A PageRank-based collaborative filtering recommendation approach in digital libraries

In the current era of big data, the explosive growth of digital resources in Digital Libraries (DLs) has led to the serious information overload problem. This trend demands personalized recommendation approaches to provide DL users with digital resources specific to their individual needs. Most recommender systems employ Collaborative Filtering (CF) technology as a simulation of word-of-mouth effect to recommend users highly personalized items by aggregating and evaluating the usage data from other similar users or items. However, there still exist some issues that impede the deployment of CF technique in large-scaled DL systems:
• Data sparsity. A DL user is typically reluctant to rate a digital resource after it’s downloaded or borrowed, because reading the digital resource, e.g., a professional book, often takes the user too long time for him/her to remember the rating work.

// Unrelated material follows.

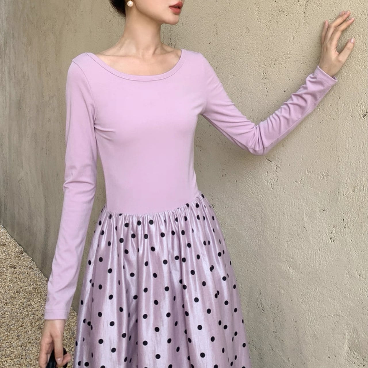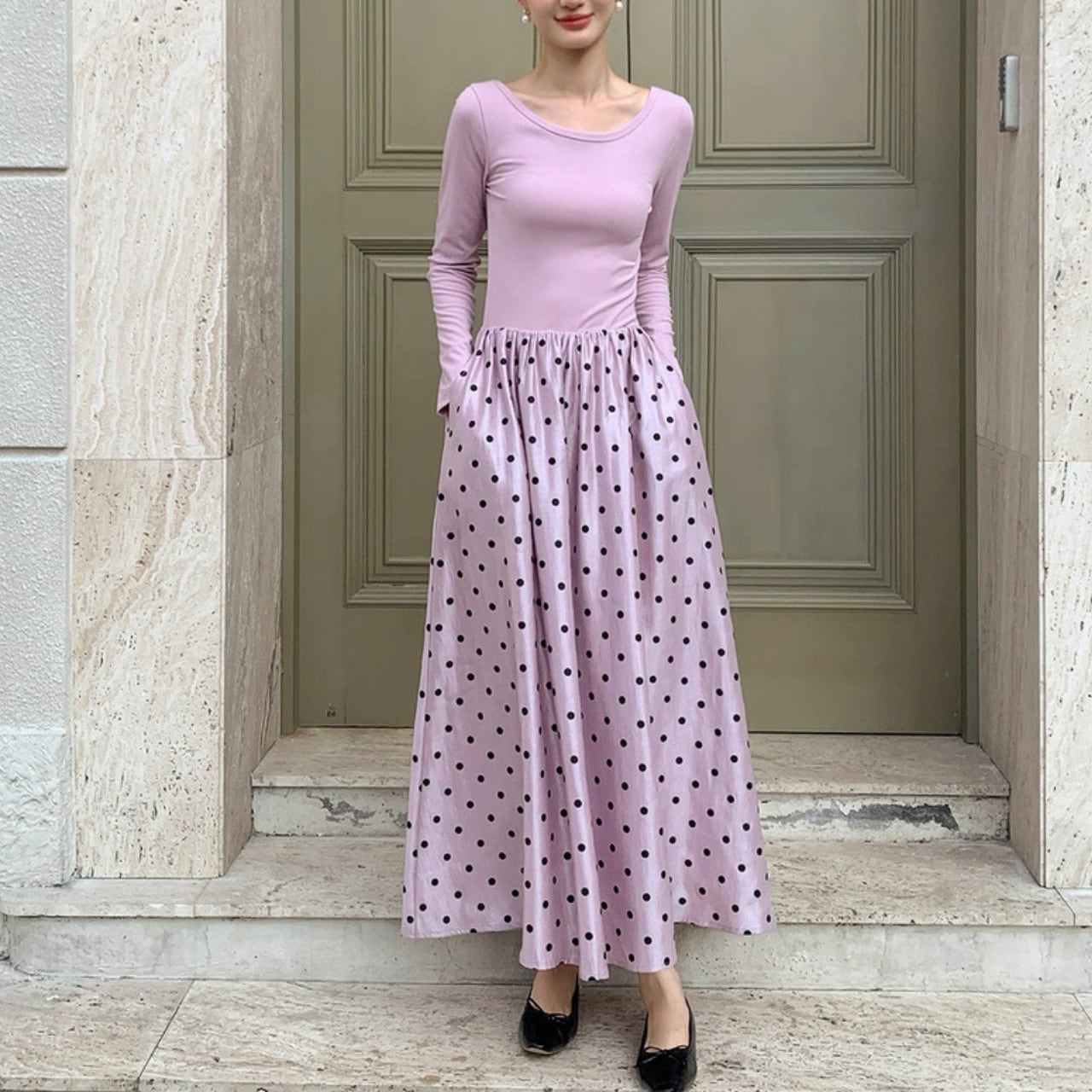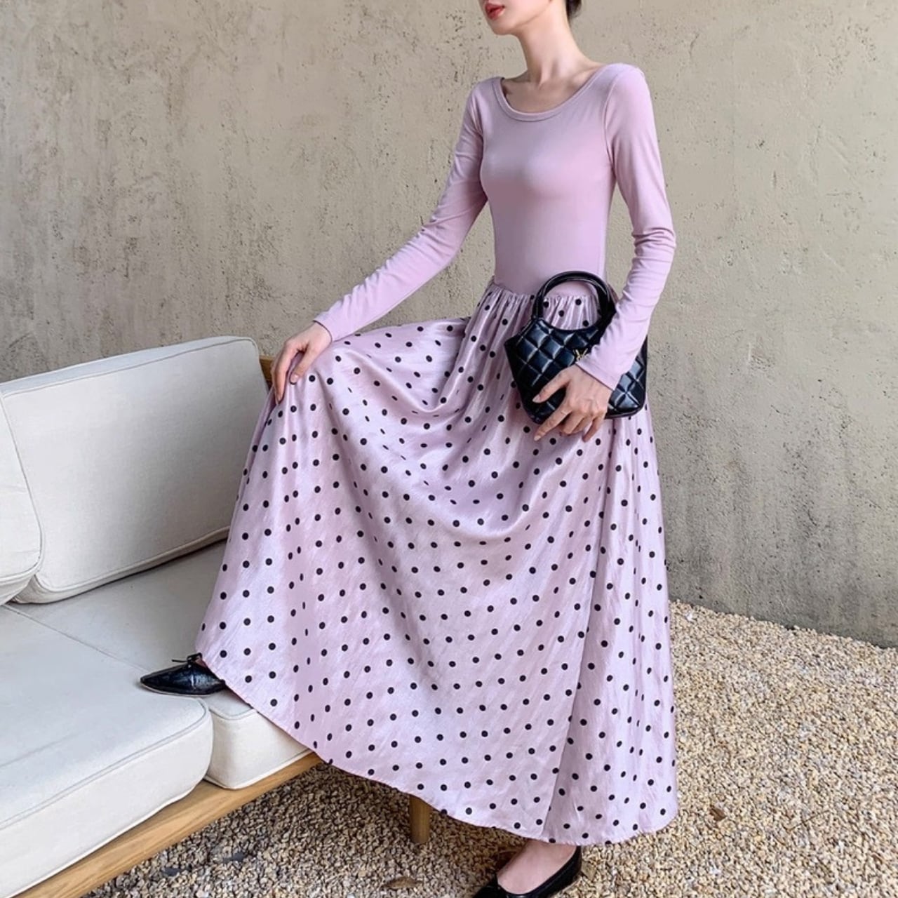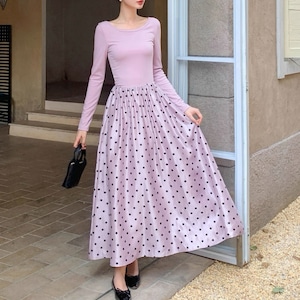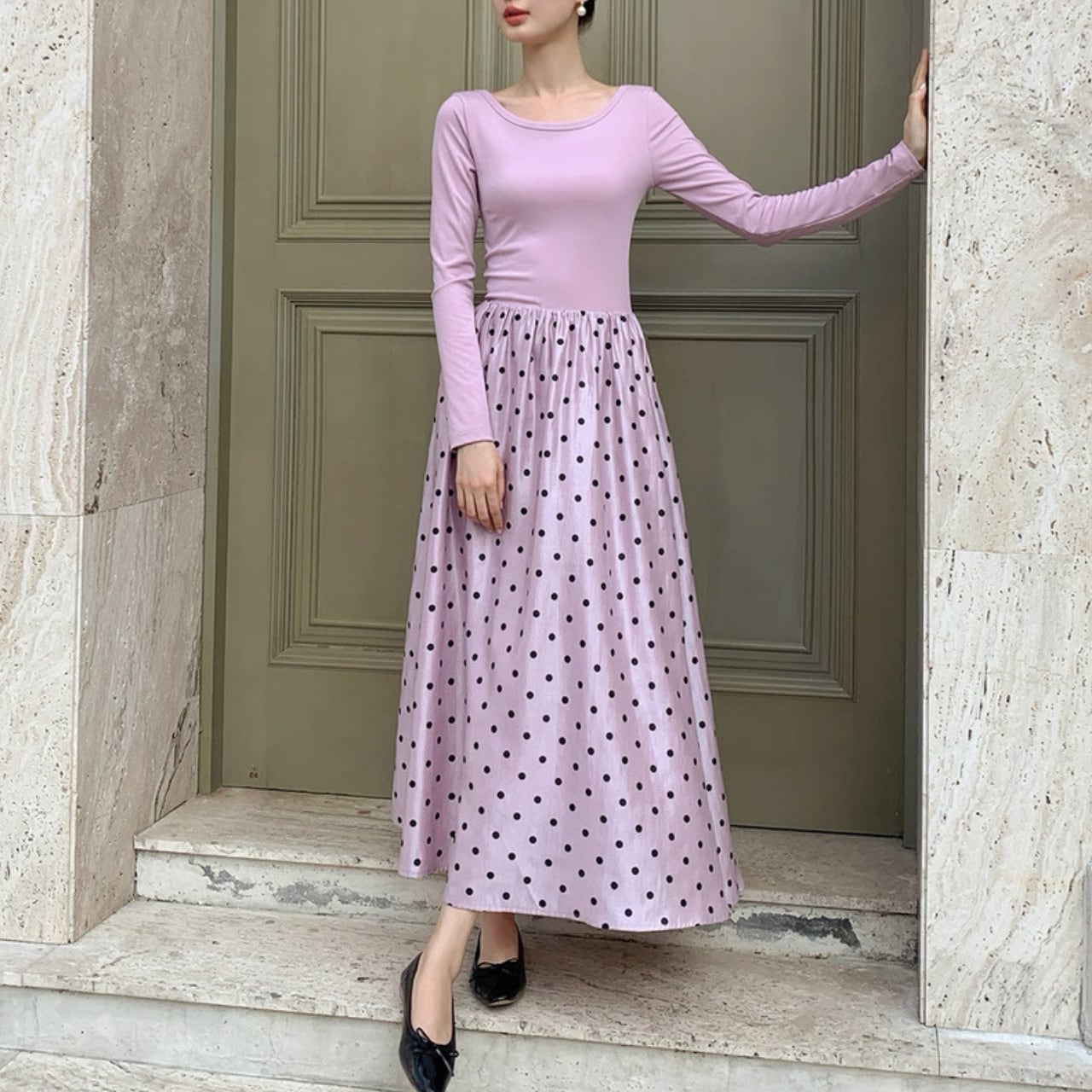 軽やかなドット柄スカートを組み合わせたフレンチムード漂うワンピース。

Though the DL user’s interest can also be acquired by analyzing the user’s behaviors, e.g., downloading, commenting or clicking a digital resource, the exponentially increasing digital resources vs the linearly increasing DL users still makes the historical usage data sparser, which are however necessary to identify similar users or digital resources during CF.

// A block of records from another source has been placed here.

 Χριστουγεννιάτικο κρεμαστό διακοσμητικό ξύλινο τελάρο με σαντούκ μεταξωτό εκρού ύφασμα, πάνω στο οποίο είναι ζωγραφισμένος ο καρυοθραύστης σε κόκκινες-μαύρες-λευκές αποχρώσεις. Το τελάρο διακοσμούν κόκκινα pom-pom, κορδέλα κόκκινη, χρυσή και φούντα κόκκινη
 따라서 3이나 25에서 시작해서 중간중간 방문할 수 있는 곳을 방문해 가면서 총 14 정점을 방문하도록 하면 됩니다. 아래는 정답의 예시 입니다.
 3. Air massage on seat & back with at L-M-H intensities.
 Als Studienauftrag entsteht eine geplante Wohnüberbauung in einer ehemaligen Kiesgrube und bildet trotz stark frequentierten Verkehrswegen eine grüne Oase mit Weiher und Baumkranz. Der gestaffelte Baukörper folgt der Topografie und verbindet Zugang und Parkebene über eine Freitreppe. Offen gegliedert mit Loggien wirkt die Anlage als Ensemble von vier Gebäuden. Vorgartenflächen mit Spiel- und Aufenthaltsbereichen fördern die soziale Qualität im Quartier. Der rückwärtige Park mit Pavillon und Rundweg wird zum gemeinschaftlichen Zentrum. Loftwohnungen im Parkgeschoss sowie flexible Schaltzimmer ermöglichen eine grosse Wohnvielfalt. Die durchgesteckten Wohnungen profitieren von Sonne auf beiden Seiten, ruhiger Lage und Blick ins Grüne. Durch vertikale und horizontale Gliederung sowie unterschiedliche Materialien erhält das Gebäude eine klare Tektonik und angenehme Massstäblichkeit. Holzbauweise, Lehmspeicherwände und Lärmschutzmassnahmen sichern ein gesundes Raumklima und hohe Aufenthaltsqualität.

• Cold start. A lot of new joining DL users or new published digital resources have no historical usage data that can be used to identify similar users or digital resources during CF due to the dynamicity of social network of DL.

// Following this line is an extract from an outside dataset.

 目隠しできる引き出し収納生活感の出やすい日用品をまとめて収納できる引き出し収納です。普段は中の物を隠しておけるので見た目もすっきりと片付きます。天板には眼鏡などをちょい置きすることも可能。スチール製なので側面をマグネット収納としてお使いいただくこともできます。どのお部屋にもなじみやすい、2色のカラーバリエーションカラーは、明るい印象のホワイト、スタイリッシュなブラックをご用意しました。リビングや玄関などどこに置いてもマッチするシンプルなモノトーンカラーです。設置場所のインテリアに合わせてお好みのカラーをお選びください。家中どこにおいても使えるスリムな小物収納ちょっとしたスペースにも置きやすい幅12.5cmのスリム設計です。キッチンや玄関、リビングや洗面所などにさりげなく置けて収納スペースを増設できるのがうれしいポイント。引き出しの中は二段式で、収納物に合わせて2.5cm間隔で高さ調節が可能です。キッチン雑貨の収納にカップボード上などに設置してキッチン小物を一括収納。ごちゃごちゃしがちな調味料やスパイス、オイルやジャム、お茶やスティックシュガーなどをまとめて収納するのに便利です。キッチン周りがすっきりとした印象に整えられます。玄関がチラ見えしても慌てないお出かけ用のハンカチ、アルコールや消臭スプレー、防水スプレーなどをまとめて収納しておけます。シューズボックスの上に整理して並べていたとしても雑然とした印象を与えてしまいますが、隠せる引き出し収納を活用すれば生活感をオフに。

The above limitations require an approach that relies not only on the analysis of explicit user ratings or user behaviors, but also on the involvement of the additional source of knowledge (e.g., social network) as the complement to sparse historical usage data. Therefore, in this paper we present a personalized digital resource recommendation approach, which combines PageRank and CF techniques in a unified framework for recommending right digital resources to an active user by generating and analyzing a social network of both user relationships and resource relationships from historical usage data. Our novel idea is to adapt the personalized PageRank algorithm to propagate an influential DL user’s importance or digital resource’s importance along the associative links connecting both active user and his/her initially preferred resources, aiming to alleviate the issues of unstable and sparse historical usage data that hinder the usage of traditional CF techniques in DLs.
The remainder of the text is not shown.